The domestic private equity industry is keen that the government ensures a level-playing field between the locally set up PE funds and those established abroad on the taxation front. The existing 18 per cent GST on ‘fund management fees’ of PE funds continues to be a “big tax friction” affecting the onshoring of fund management activity in India, they said.

While management fees charged to a VC/PE fund located in an offshore jurisdiction are exempt from GST, the management fees charged to an onshore fund located in India attracts 18 per cent GST.

The main thorny issue in this GST levy is that no input tax credit is available for the India domiciled fund, which has to fork out the GST. Since an Alternate Investment Fund (AIF) is only a pooling vehicle for investments and does not provide any service, there is no output GST liability, and it is not able to utilize input tax credit of GST. Thus, this incremental GST outgo becomes an additional cost for the investors in the AIF and acts as an impediment to onshoring of funds into India via AIFs, say players who are keen to see the growth of locally pooled investment vehicles.

Higher operation cost

Ashish Fafadia, Partner, Blume Ventures, pointed out that the cost of operations in India are much higher than the situation abroad, largely due to the GST levy. He noted that most overseas fund managers in their respective jurisdictions are not subjected to a GST charge for a variety of reasons and this clearly gives them an edge over domestic funds.

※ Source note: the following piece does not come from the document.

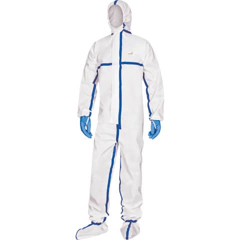 Tuta integrale monouso con piedi antiscivolo integrati e cappuccio elasticizzato. Tipo 4-B. PE/PP non tessuto. Chiusura con zip sotto baverina. Elastico di chiusura in testa, in vita, ai polsi ed alle caviglie. Monouso. Cuciture impermeabili. Lavori di decontaminazione. Chiusura con mentoniera. Ottimo supporto e protezione rinforzata. Doppio foro per il pollice. Ottimo supporto. Banda adesiva per il collegamento di un guanto. Impermeabilizzazione totale. Nessun rischio di formazione di pelucchi. Imballo individuale sottovuoto. Certificazione CE. REGOLAMENTO (UE) 2016/425. EN ISO 13688:2013 Requisiti generali per i capi di abbiglliamento. EN14605:2005+A1:2009 Requisiti prestazionali per indumenti con collegamenti a tenuta contro liquidi (Tipo 3) o spruzzi (Tipo 4). TIPO 4B: Protezione contro i prodotti chimici liquidi (nebbie) - Tipo 4B. EN ISO 13982-1:2004+A1:2010 Indumenti di protezione per l'utilizzo contro particelle solide - Indumenti tipo 5. TIPO 5B: Protezione contro le polveri (amianto) + protezione biologica Tipo 5B. EN13034:2005+A1:2009 Requisiti prestazionali per indumenti di protezione chimica che offrono una protezione limitata contro agenti chimici liquidi (equipaggiamento tipo 6). TIPO 6B: Protezione limitata contro prodotti chimici liquidi + protezione biologica Tipo 6B. EN14126:2003+AC:2004 Indumenti di protezione - Requisiti prestazionali e metodi di prova per gli indumenti di protezione contro gli agenti infettivi. Colore bianco. Taglia XXL.

Explaining with an example, Fafadia said that say a ₹100 fund size is usually subjected to management fee of ₹ 18-20 over its life of 10-12 years. On this ₹18-₹ 20, the GST will be ₹ 3.54. “This means in each fund we are losing 3-4 per cent of the corpus on account of GST. The 3-4 per cent of the loss that we suffer on account of GST would have eventually gone to portfolio companies that would result in job creation., attract even a higher capital from overseas investors and result in a higher IRR to the Indian investors who are anyways subjected to capital gains taxes”, he said.

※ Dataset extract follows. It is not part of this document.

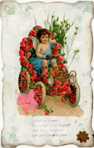 Stoff Ak Kleiner Engel fährt Auto, Rosen, Schleife, Pflanze

If a fund saved the GST leakage of ₹ 3.5 and was able to plough the capital into its portfolio companies and deliver a 5X (which a typical fund endeavours to generate), it means it would have got incremental ₹ 17.5 for the investors. Of this, 20 plus per cent will be capital gains tax anyway which will be ₹ 3.50. So the exchequer has not really lost out whereas the investors would have been able to create incremental wealth and India’s risk return profile increases marginally.

Over the last decade, there has been a manifold increase in flows of PE/VC investments into India. The good news is that contribution of Indian investors in VC/PE market has been steadily rising even as India continues to be heavily dependent on foreign capital for its fund management industry.